Custom resources become institutional truth. When they are poorly designed, you create permanent operational debt: unclear status, breaking version changes, and controllers that thrash.

Kubblai doctrine: you earn new scripture by maintaining it through incidents, upgrades, and human turnover.

  • Design for upgrade and rollback; versioning is not optional.
  • Treat status as an API, not a dumping ground.
  • Controllers must be idempotent and backpressure-aware.

Spec vs status: contracts and ownership

Spec is intent. Status is testimony. Do not let humans write status. Do not let controllers rewrite spec without a paper trail.

Use conditions to communicate progress and failure modes in a stable shape.

  • Define conditions with type, status, reason, message, observedGeneration.
  • Keep status small; large status objects amplify etcd write load.
  • Document field ownership under SSA to prevent tug-of-war.

Validation and admission

Validation is governance. OpenAPI schema validation catches shape errors; admission catches policy. The more logic you put in a webhook, the more you couple your API to availability.

Prefer simple, deterministic validation. Avoid remote dependencies in admission.

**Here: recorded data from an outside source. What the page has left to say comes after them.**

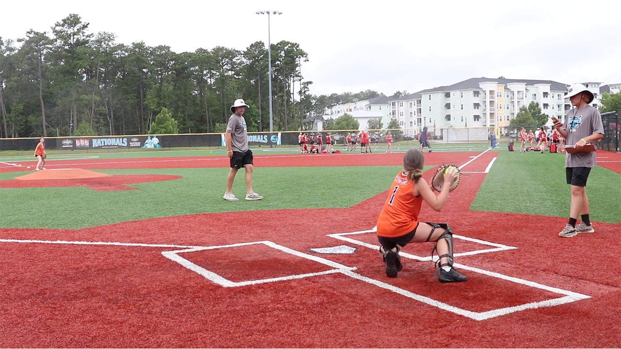 - Each player will receive three throws in the Catcher’s Crouched Position from a person of their choice. Once the player receives the ball from behind home plate, they will then throw the ball to second base.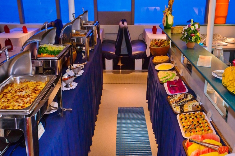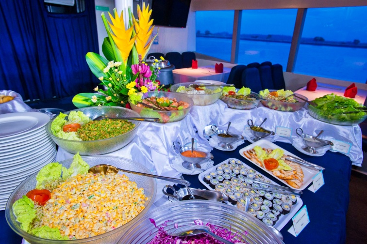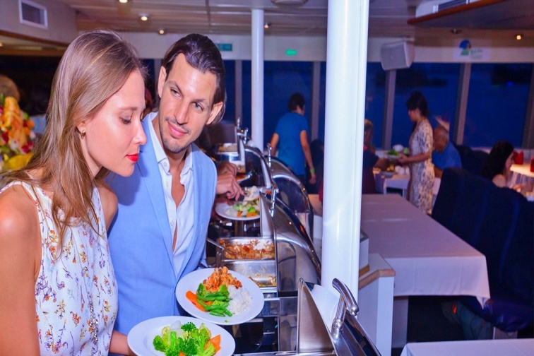 - メインデッキにてビュッフェをお楽しみください(インターナショナルバイキング)お食事は19:45、デザートは20:15まで。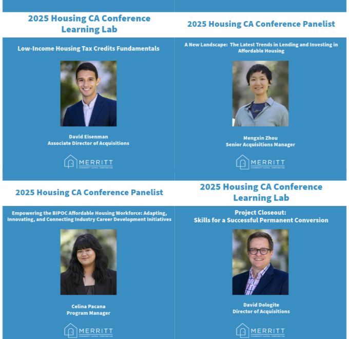 Merritt Community Capital Corporation is a mission-oriented affordable housing funder that serves the state of California. For more than 35 years, Merritt has been a trusted partner, investing more than $1.6 billion and creating over 12,000 affordable homes across California. Beyond investing in properties, Merritt invests in people. Through its Commitment to California initiative (C2C), Merritt proudly spearheads programs across the state that attract, train, and retain current and future affordable housers.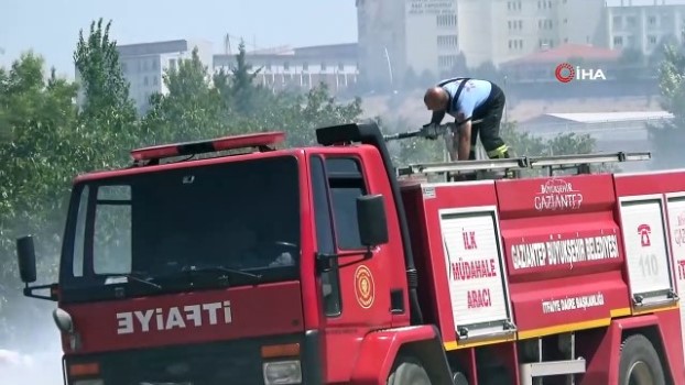 - Gaziantep 1.Organize Sanayi Bölgesi'nde, fabrikaların yoğun olarak bulunduğu bir noktadaki boş arazide çıkan yangın korkuttu. Yangın, ihbarın ardından bölgeye gelen itfaiye ekiplerince kontrol altına alındıktan sonra söndürüldü. Edinilen bilgiye göre, Gaziantep 1.Organize Sanayi Bölgesi'nde fabrikaların yoğun olarak bulunduğu alandaki boş bir arazide bilinmeyen bir nedenle yangın çıktı. Sıcak havanın da etkisiyle kısa sürede büyüyen yangın, arazideki çöpleri de tutuştururken, bölgede de yoğun duman oluşurdu. Dumanları gören çevredeki vatandaşlar durumu itfaiyeye bildirdi. Kısa sürede olay yerine gelen Gaziantep Büyükşehir Belediyesi ve Gaziantep OSB itfaiye ekipleri yangına müdahale ederek kısa sürede kontrol altına aldı. Kontrol altına alınan yangını kısa sürede söndüren itfaiye ekipleri, soğutma çalışmalarına ise devam ediyor. Yangının çıkış sebebi araştırılıyor.
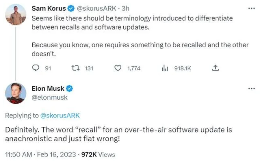 针对此事,特斯拉CEO埃隆·马斯克在社交媒体上回应,称美国国家公路交通安全管理局使用“召回”一词“错得离谱”,而他已经不是第一次这样吐槽。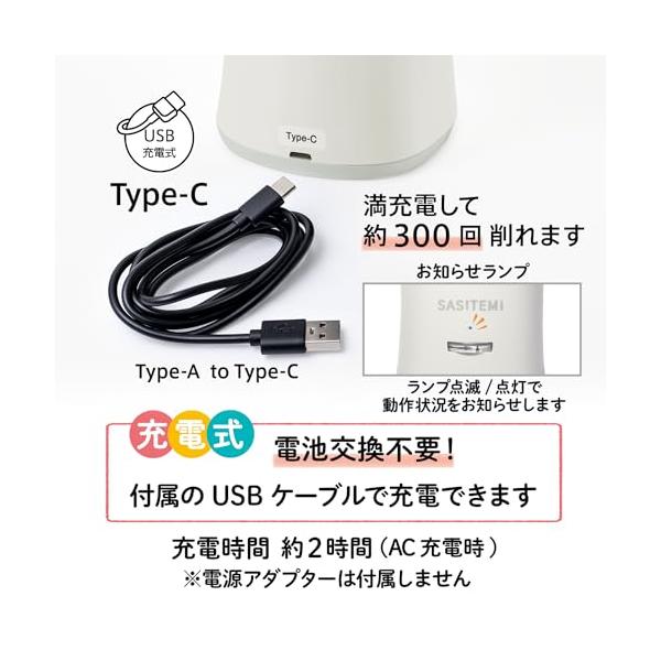 ・電源:リチウムイオン充電池 ※満充電から300本削れます。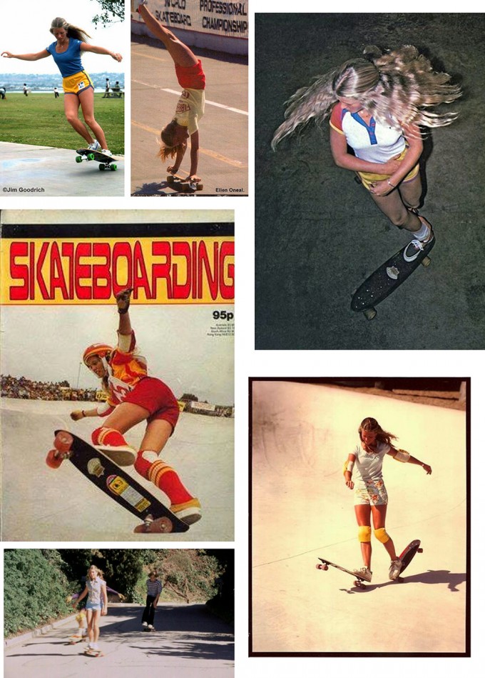 The colour coordinated skater above is Ellen O’Neal, shot in October 1976 by skate photography legend Warren Bolster. The Southern Cali freestyler who became famous for her downhill high speed nose wheelies and her signature two board daffy manoeuvres was inducted into the Skateboarding Hall of Fame this month.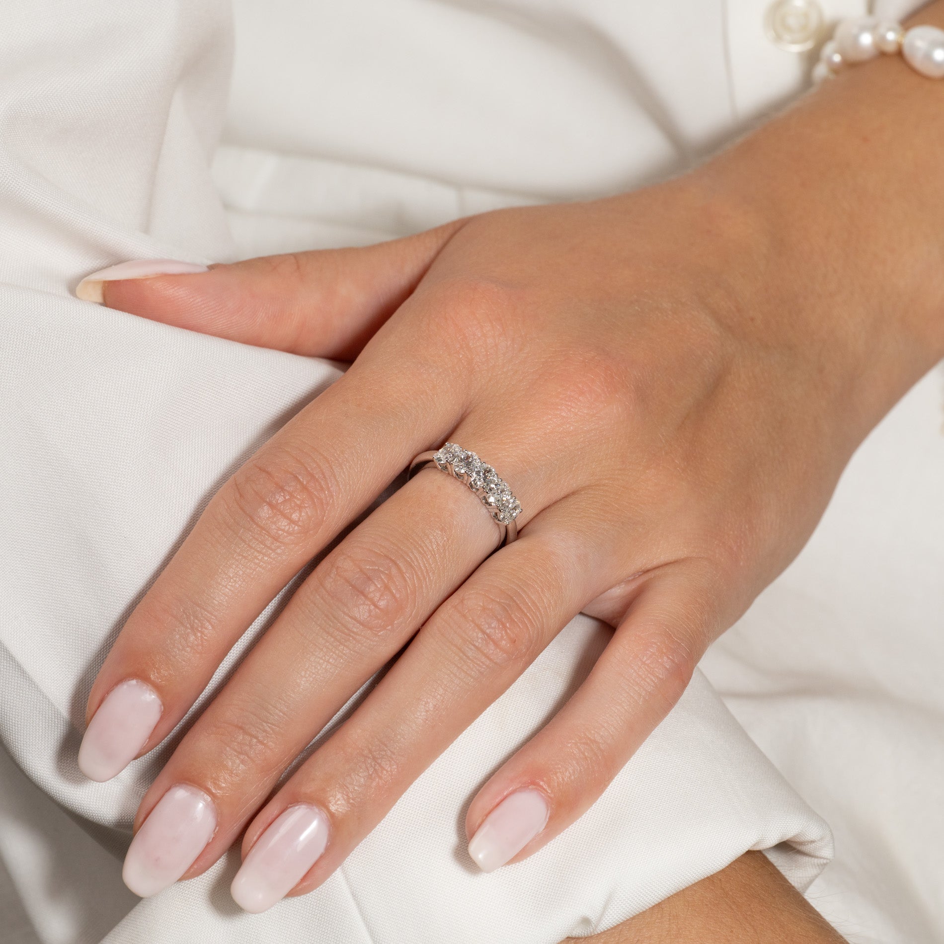 Femsteinsring med ovale lab-grown diamanter (1,0 ct.) i 14 kt. hvitt gull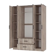 Шкаф состоит из двух секций по бокам с пятью удобными полками в каждом, центральной секции с продольной штангой для вешалок и двух выдвижных ящиков.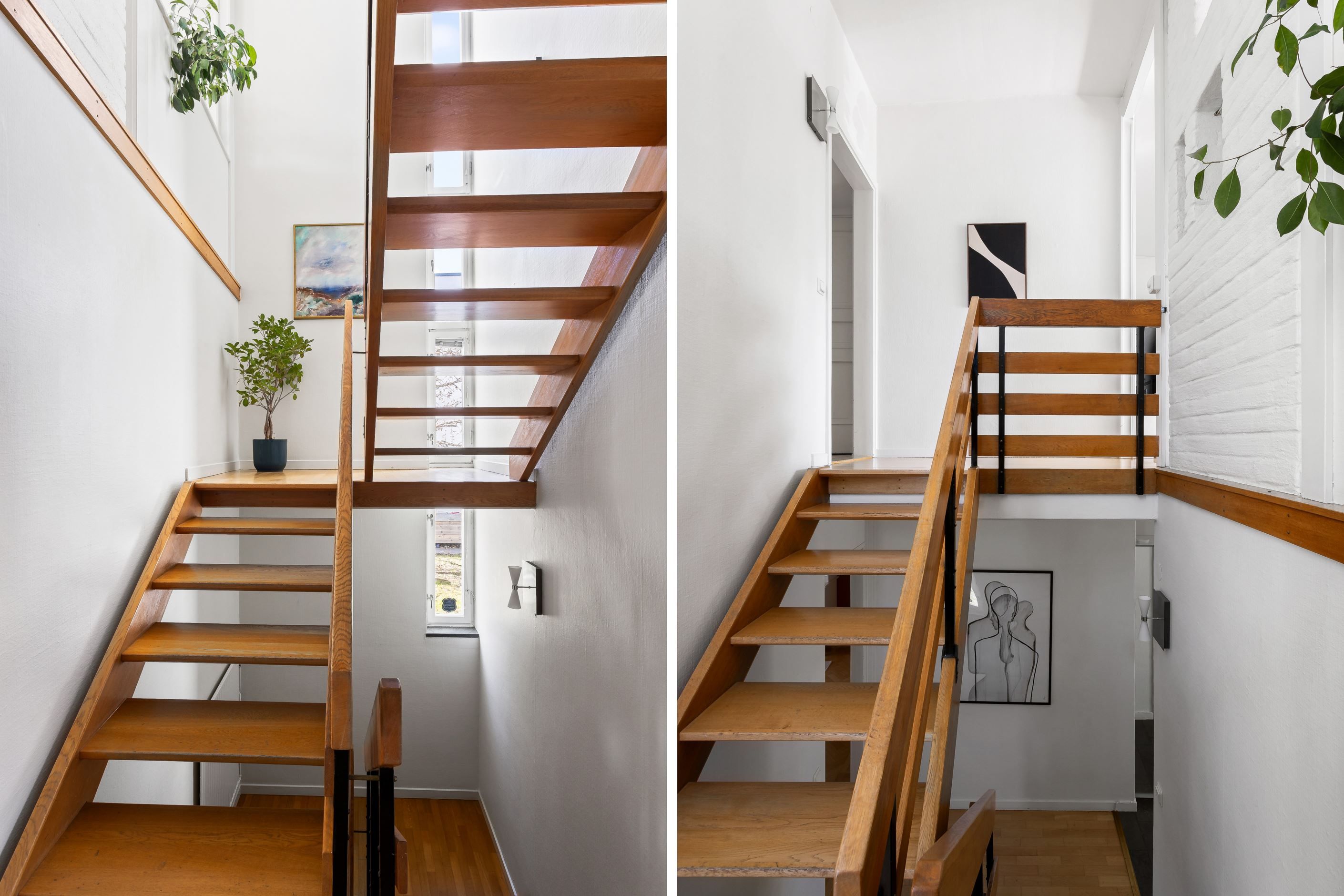 Öppet trapphus med ektrappa förbinder våningsplanen. Trapphuset har generösa avsatser, bra räcken och fönster från källatrappen och upp vilket ger mycket ljus till ytan.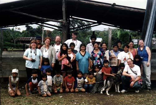 The potters and children of Nueva Vida with Estela Dagua, her daughter Miriam, and the visiting group from San Diego State University.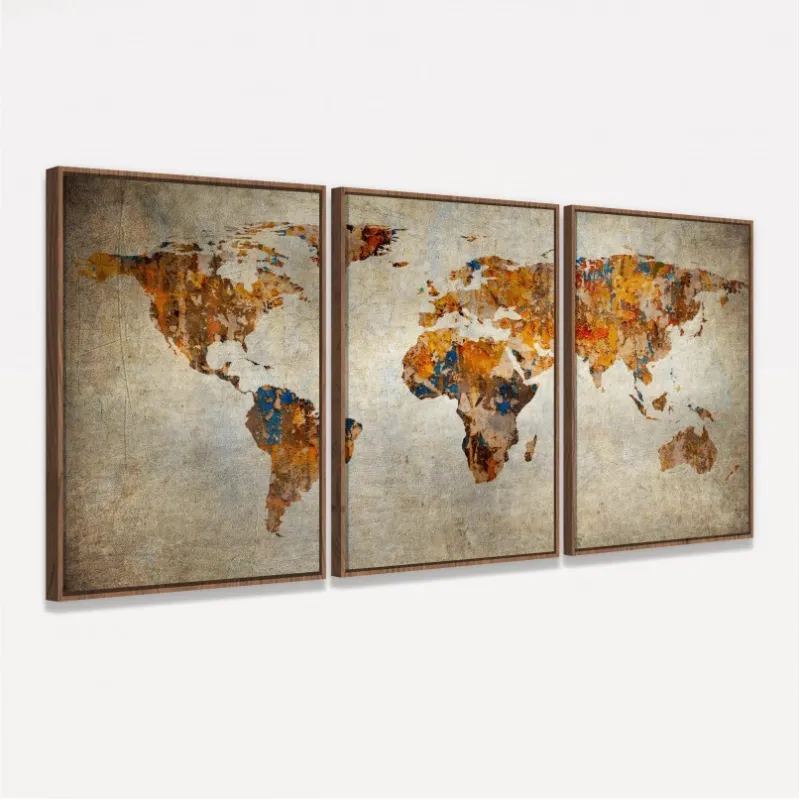 Quadro Mapa Mundi em Arte Rústica Vintage decorativo

  • Use CEL (where supported) for local validation over remote webhook calls.
  • Budget webhook latency; failurePolicy is an incident posture choice.
  • Provide clear user-facing errors; avoid opaque rejections.

Versioning discipline

CRD versioning is where teams collapse. You must support old versions long enough to migrate safely. You must write conversion logic or constrain change.

Breaking changes without migration plans are governance failures.

  • Define deprecation windows; publish migration guides.
  • Keep conversion deterministic and test it with real objects.
  • Avoid renaming fields casually; prefer additive evolution.

Operational backpressure

CRDs can overload the API: too many objects, too many watches, too many writes. Controllers can amplify load with status spam and retry storms.

Design your APIs with quotas, rate limits, and bounded reconcile behavior.

  • Limit object fanout; avoid per-pod custom resources unless necessary.
  • Instrument reconcile duration and error rates; enforce backoff.
  • Avoid tight loops that rewrite status on every sync.